Set	Sample #1	Sample #2	Sample #3	Sample #4
ground truth	`Airplane`, `Boat`, `Car`	`Airplane`, `Car`	`Boat`, `Car`	`Airplane`, `Boat`, `Car`
inference	`Boat`	`Airplane`, `Boat`, `Car`	`Airplane`, `Boat`, `Car`	`Airplane`, `Boat`, `Car`

\[ \text{ground truth} = [[1, 1, 1], \, [1, 0, 1], \, [0, 1, 1], \, [1, 1, 1]] \]

\[ \text{inference} = [[0, 1, 0], \, [1, 1, 1], \, [1, 1, 1], \, [1, 1, 1]] \]

\[ \begin{align} \text{IoU}_\text{macro} &= \frac {\text{IoU}_\texttt{Airplane} + \text{IoU}_\texttt{Boat} + \text{IoU}_\texttt{Car}} {3} \\[1em] &= \frac {\frac 2 4 + \frac 3 4 + \frac 3 4} {3} \\[1em] &= \frac 2 3 \end{align} \]

Limitations and Biases#

IoU works well to measure the overlap between two sets, whether they are types of geometry or a list of labels. However, this metric cannot be directly used to measure the overlap of an inference and iscrowd ground truth, which is an annotation from COCO Detection Challenge Evaluation used to label a large groups of objects (e.g., a crowd of people). Therefore, the inference is expected to take up a small portion of the ground truth region, resulting in a low IoU score and a pair not being a valid match. In this scenario, a variation of IoU, called Intersection over Foreground (IoF), is preferred. This variation is used when there are ground truth regions you want to ignore in evaluation, such as iscrowd.

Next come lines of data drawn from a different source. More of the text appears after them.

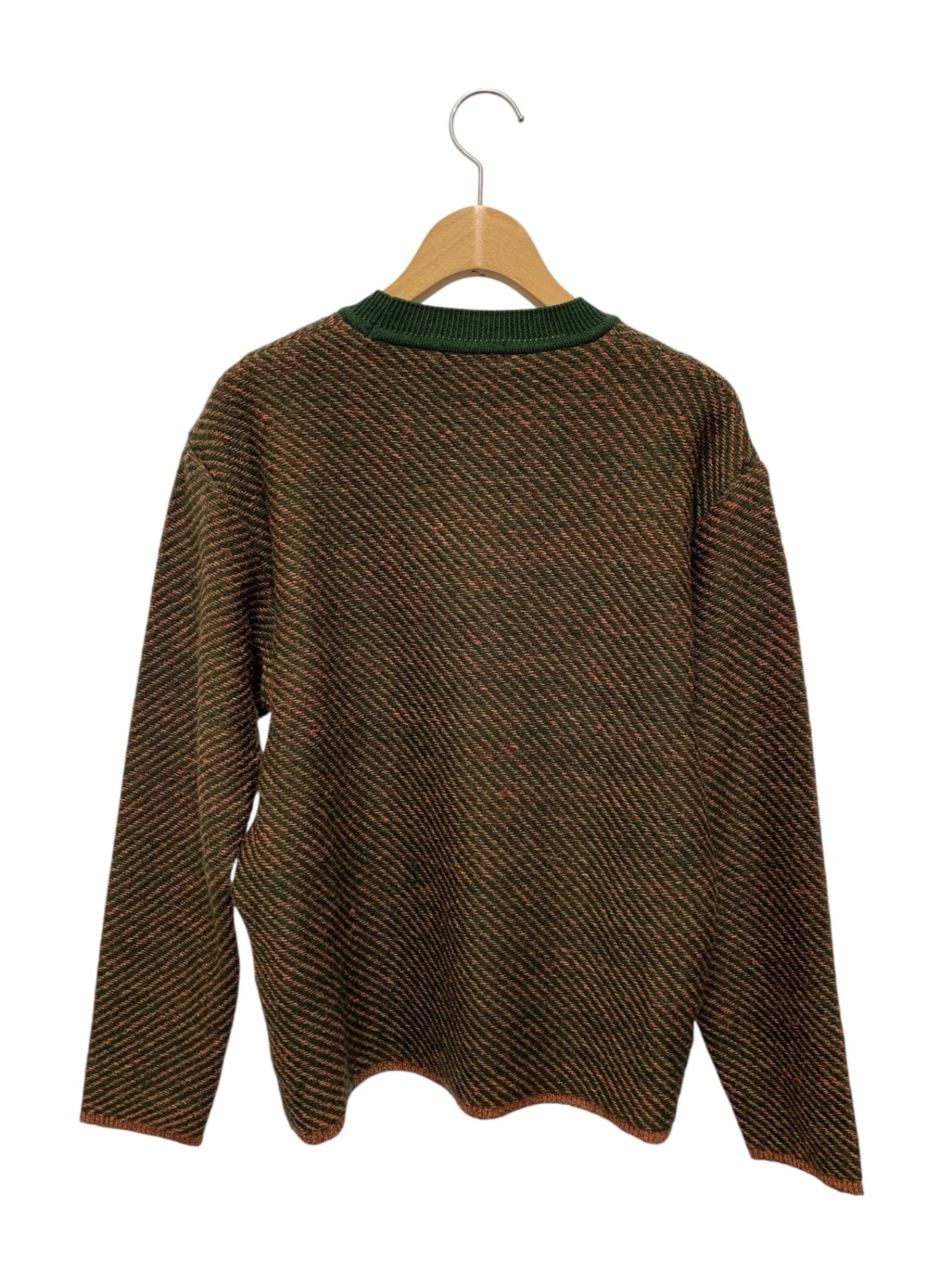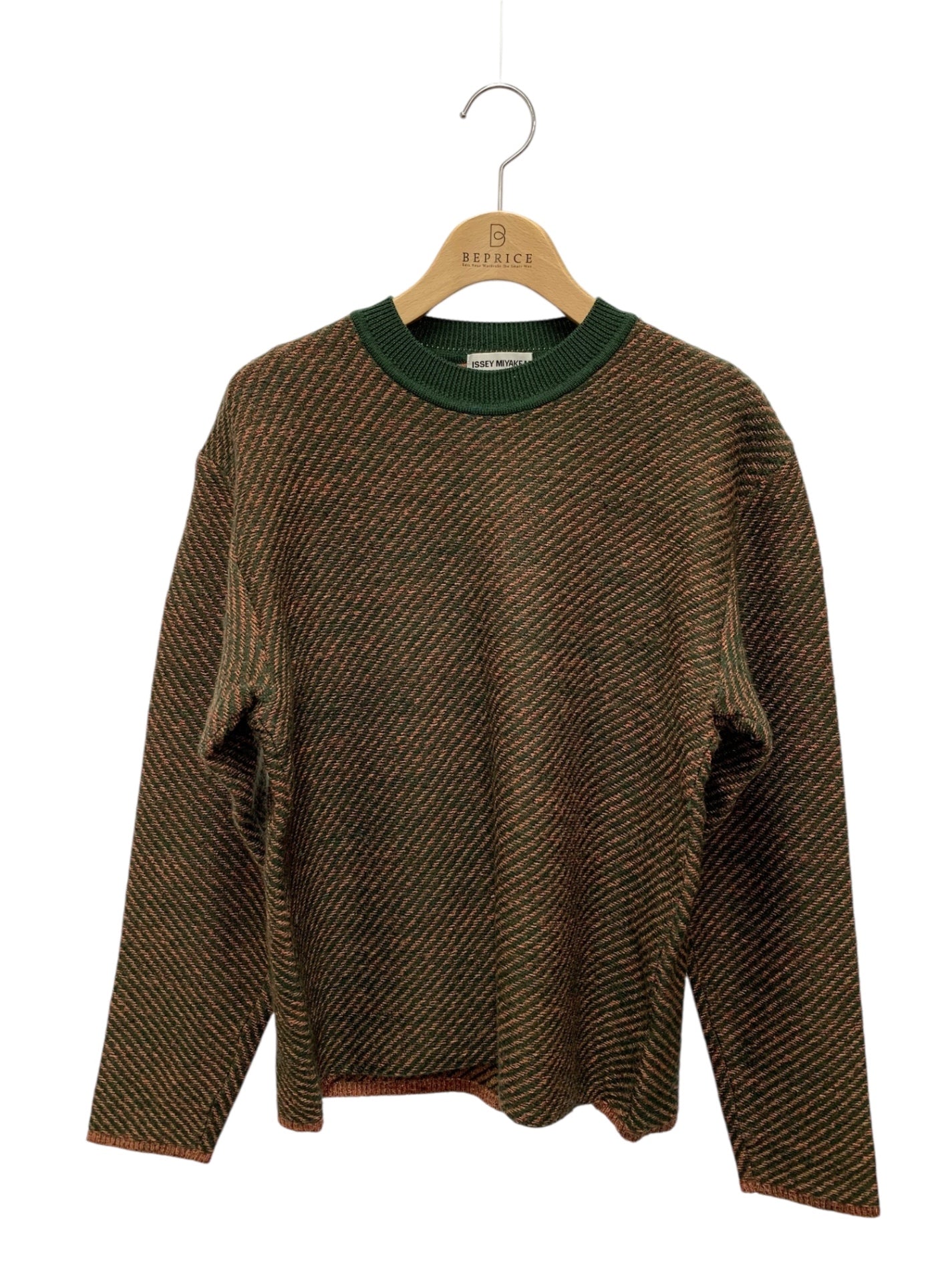 イッセイミヤケメン ME83KN003 クルーネックニット M グリーン レジメンタルストライプ 銀タグ ITZ936FCWXHG 【SALE】
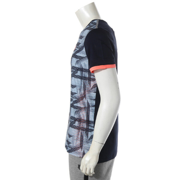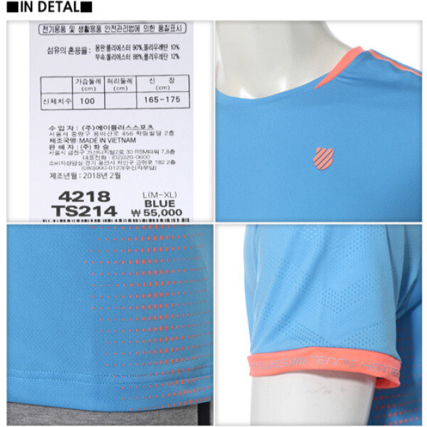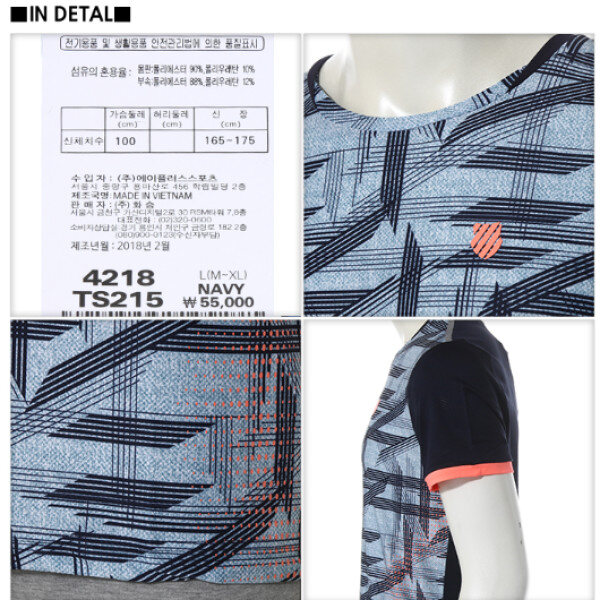 착용시 시원하고 텐션이 좋은 원단을 사용하여 일상 생활은 물론 운동시 쾌적함을 유지할수 있음.조직감있는 원단과 통기성이 있는 메쉬원단이 소매와 등판에 사용됨. 컬러블록에 테니스 라인 BI를 넣었으며, TS213은 전판 프린트를 사용하여 트렌드한 감성을 연출함.
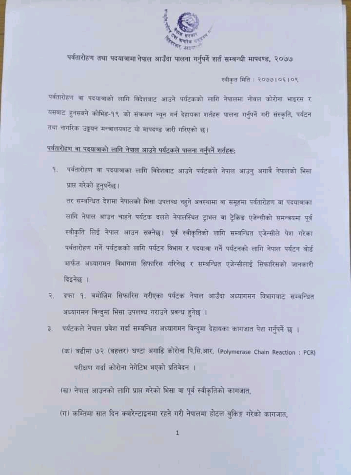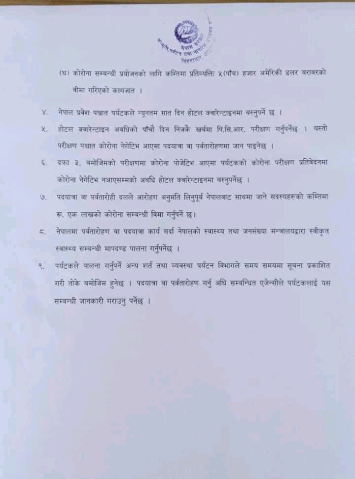 त्यस्तै पर्यटकले पाँच हजार अमेरिकी डलरको बिमा गरिएको कागजात पेश गर्नुपर्नेछ । साथै पदयात्रा वा पर्वतारोही दलले आरोहण अनुमति लिनुपूर्व नेपालबाट साथमा जाने सदस्यको कम्तीमा १ लाख रुपैयाँको कोरोनासम्बन्धी बिमा गर्नुपर्ने मन्त्रालयले जनाएको छ ।
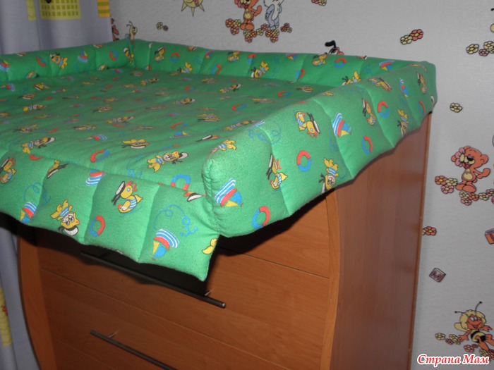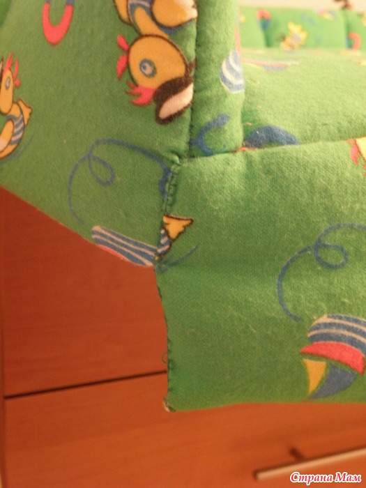 Пришив передний бортик лучше надеть наш матрасик на комод и прямо на нем сшить уголки бортиков чтобы они не топорщились.
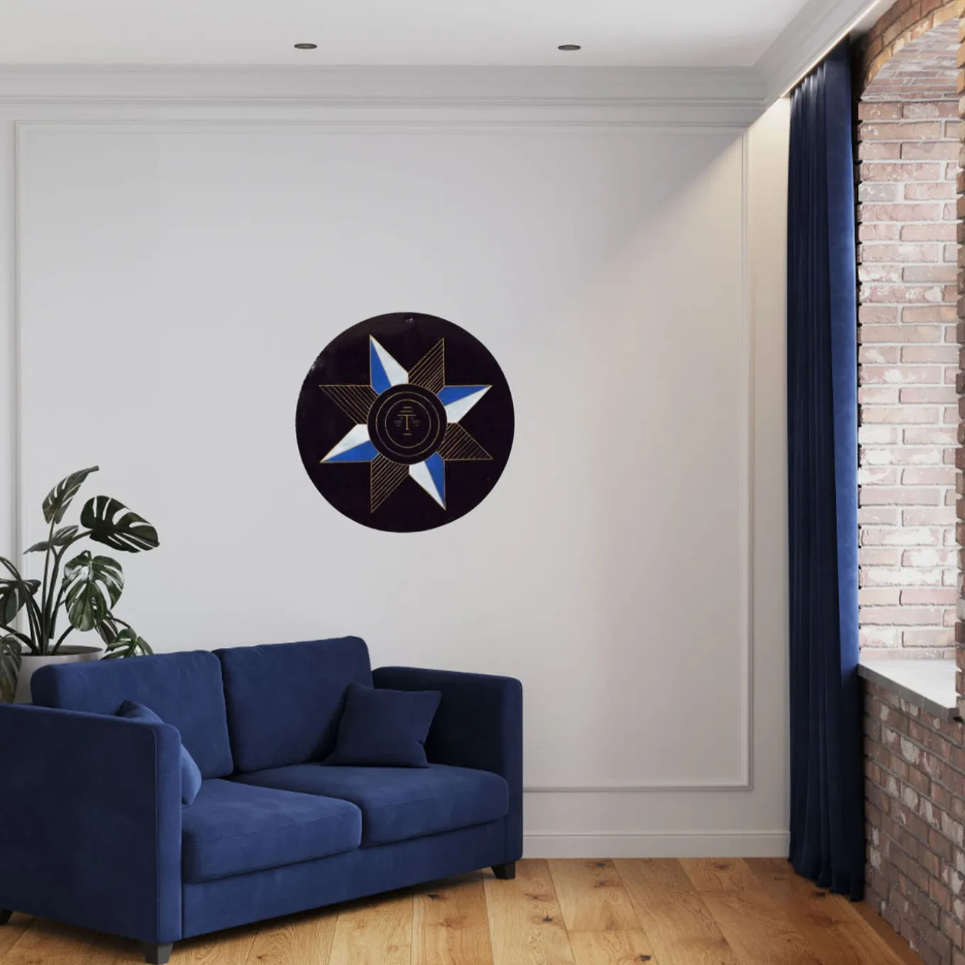 This artistic decorative plate, made of engraved and hand-painted metal, celebrates the iconic Sun motifs found in Sardinian textile art. Designed by Eugenio Tavolara for the weavers of Sarule in the 1950s, it embodies a rich historical and cultural legacy. The plate’s striking blue, white, and gold elements contrast against its black background, infusing contemporary spaces with vibrant character and heritage. Ideal for various home settings, it showcases meticulous craftsmanship.
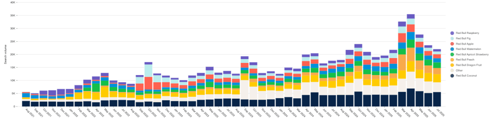 Search volume over time: what Red Bull products consumers are searching more than before?
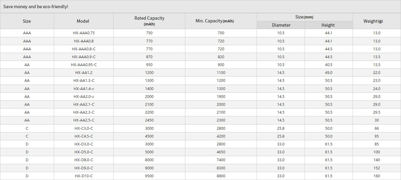 A fully charged battery can retain more than 80% of their capacity when stored and shelved in a room temperature for 1 year, and retain more than 70% of their capacity for 5 years, making them readily available;
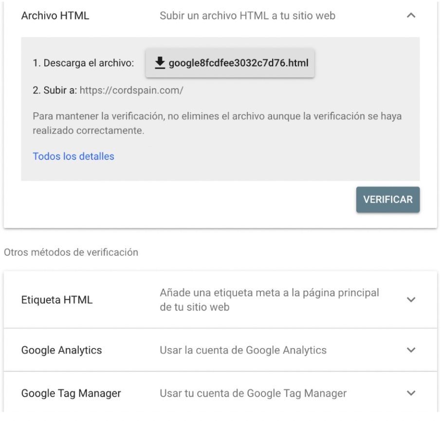Tipos de verificación Google Search Console
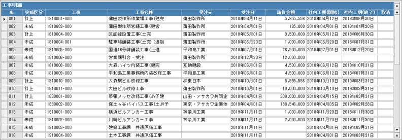 検索条件に該当する受注工事情報が工事明細に表示されます。
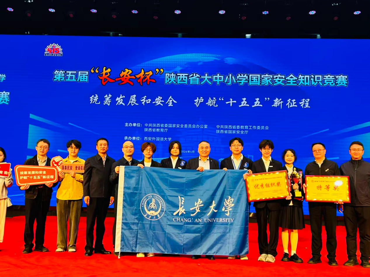 2026年4月13日,由中共陕西省委国家安全委员会办公室、中共陕西省委教育工作委员会、陕西省教育厅、陕西省国家安全厅联合举办的第五届 "长安杯" 陕西省大中小学国家安全知识竞赛(高校组)决赛在西安外国语大学长安校区圆满落幕。经过激烈角逐,我校代表队凭借扎实的知识储备、出色的临场应变和默契的团队协作,从全省9支晋级决赛的高校代表队中脱颖而出,荣获特等奖,学校荣获优秀组织奖,梁俊辉同学荣获最佳选手荣誉称号。
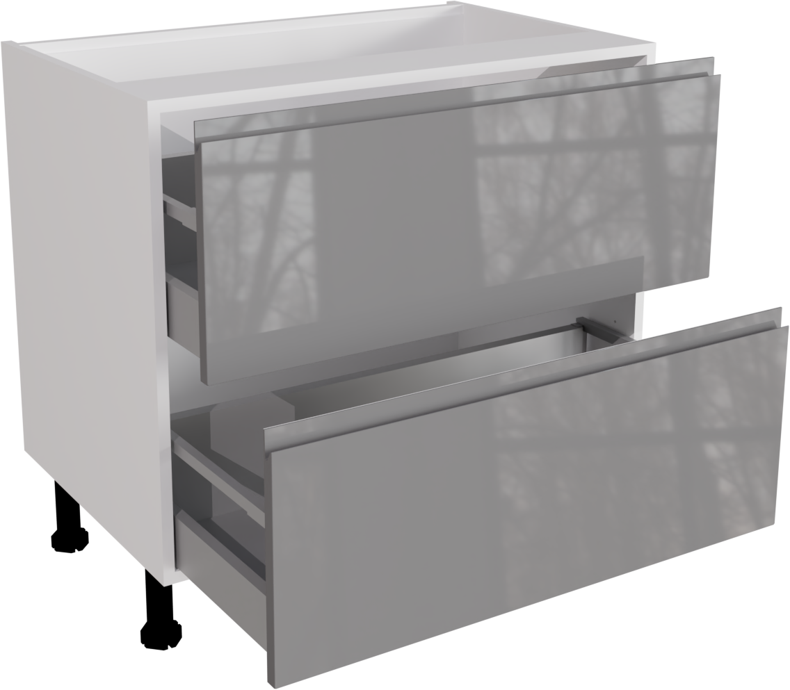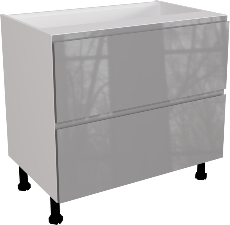 This is a 900mm handleless, gloss dust grey kitchen 2 drawer base unit available to buy from Flat Pack Kitchens. This unit includes the following parts:

The second limitation of IoU is measuring the localization performance of non-overlaps. IoU ranges from 0 (no overlap) to 1 (complete overlap), so when two bounding boxes have zero overlap, it’s hard to tell how bad the localization performance is solely based on IoU. There are variations of IoU, such as signed IoU (SIoU) and generalized IoU (GIoU), that aim to measure the localization error even when there is no overlap. These metrics can replace IoU metric if the objective is to measure the localization performance of non-overlaps.